**TASK ITEM:**
Using the data below, return word for word every line from the one holding "Vi passade på" down to the one holding "Researchers developed an". Leave pictures out.

**SUPPLIED DATA:**
——

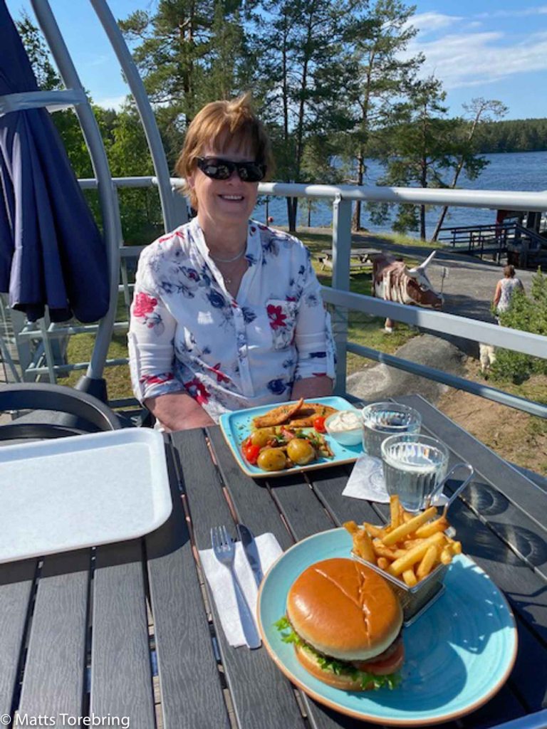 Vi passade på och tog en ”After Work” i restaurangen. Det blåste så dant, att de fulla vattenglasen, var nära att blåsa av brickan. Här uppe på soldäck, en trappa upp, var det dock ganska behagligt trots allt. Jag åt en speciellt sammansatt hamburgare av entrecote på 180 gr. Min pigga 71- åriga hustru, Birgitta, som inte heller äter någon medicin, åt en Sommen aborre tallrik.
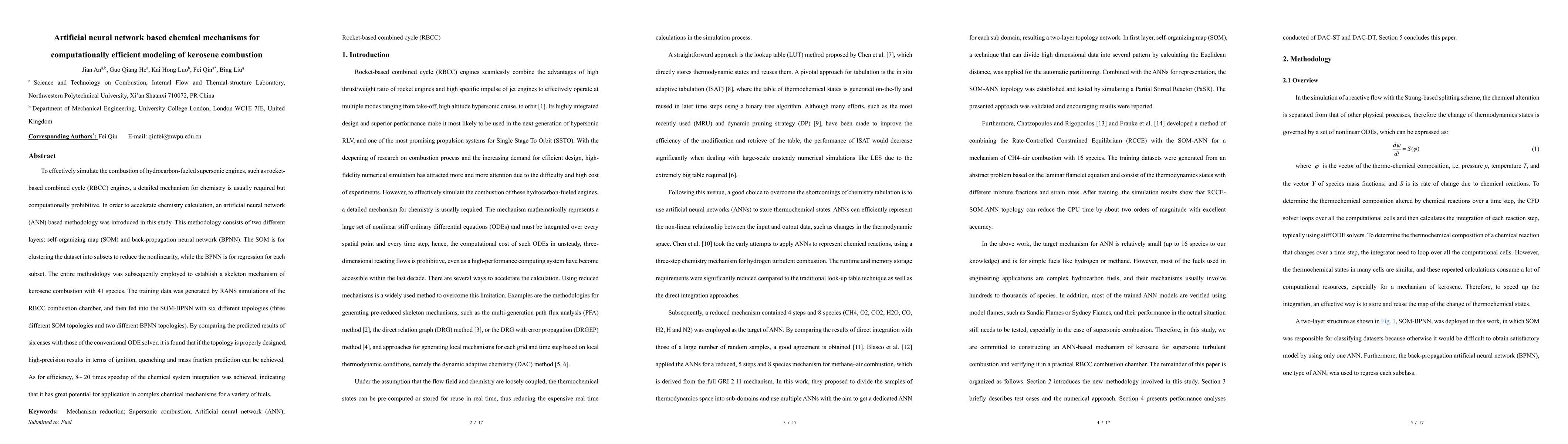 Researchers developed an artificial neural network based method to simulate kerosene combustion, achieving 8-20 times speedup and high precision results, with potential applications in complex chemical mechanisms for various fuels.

——

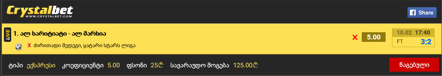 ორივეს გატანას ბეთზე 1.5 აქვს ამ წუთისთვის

——

**WORKED SOLUTION:**
 Vi passade på och tog en ”After Work” i restaurangen. Det blåste så dant, att de fulla vattenglasen, var nära att blåsa av brickan. Här uppe på soldäck, en trappa upp, var det dock ganska behagligt trots allt. Jag åt en speciellt sammansatt hamburgare av entrecote på 180 gr. Min pigga 71- åriga hustru, Birgitta, som inte heller äter någon medicin, åt en Sommen aborre tallrik.
 Researchers developed an artificial neural network based method to simulate kerosene combustion, achieving 8-20 times speedup and high precision results, with potential applications in complex chemical mechanisms for various fuels.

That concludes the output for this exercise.